CD Genomics offers cutting-edge technologies and bioinformatics analysis services of long-read sequencing, which include PacBio SMRT sequencing and Nanopore sequencing. We offer accurate and cost-effective sequencing solutions for humans, animals, plants, and microbial research.
What is Long-Read Sequencing
Long-read sequencing, also known as third-generation sequencing, is a group of booming DNA sequencing technologies that eliminate the need for traditional sequencing techniques DNA cleavage and amplification and allows for the simultaneous detection of long DNA sequences up to 100,000 base pairs. Scientists have come to realize the significance of structural variants in the human genome. Some of them are insertional variants that exceed the read length of many sequencing technologies; some are repetitive regions that make sequence alignment difficult; and some are GC-rich regions, which often leave many inconveniences in studying structural variants by short-read sequencing methods.

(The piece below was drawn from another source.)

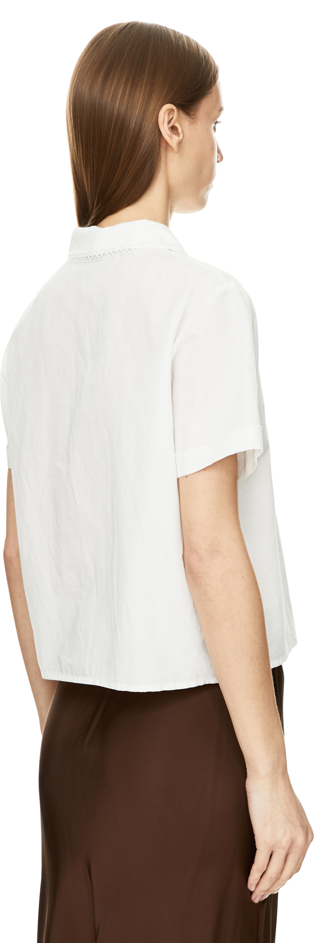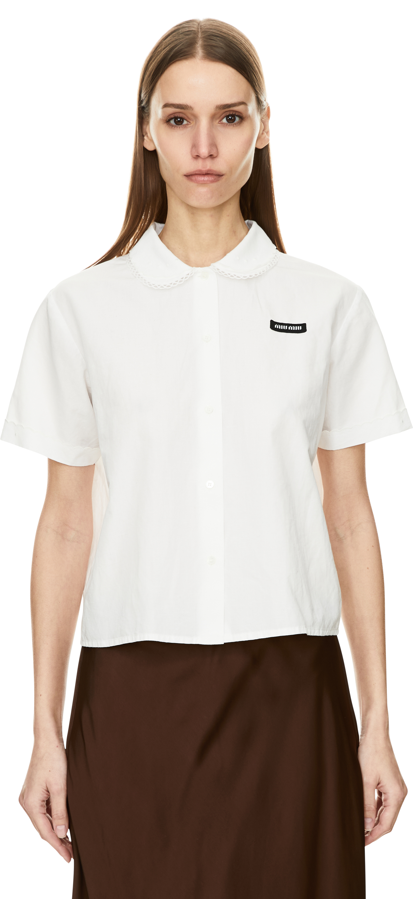 Diese Bluse in Weiß von Miu Miu wurde aus einer hochwertigen Baumwoll-Leinenmischung gefertigt und besticht durch das gestrickte Logo-Etikett im Brustbereich. Der Bubikragen mit feiner Stickerei sowie Armbündchen mit Klöppelspitze verleihen dem Modell verspielte Details und prägen das raffinierte Design.

In recent years, novel technologies that can detect long-read sequences have emerged, providing researchers with new strategies and tools for genome analysis. Among them, the most representative and widely used are PacBio SMRT sequencing and Nanopore sequencing. Long-read sequencing technologies can produce very long reads, which is not possible in next-generation sequencing.
PacBio launched the sequencing platform of single molecule real time sequencing (SMRT), which uses a customized flow cell with lots of zero-mode waveguides to sequence single molecules in real-time (ZMW). The polymerase is attached to the well's bottom and enables the DNA strand to pass through the ZMW. Real-time imaging of fluorescently tagged nucleotides synthesized alongside specific DNA template molecules is possible with SMRT sequencing. When the framework and polymerase separate, the sequencing reaction is complete.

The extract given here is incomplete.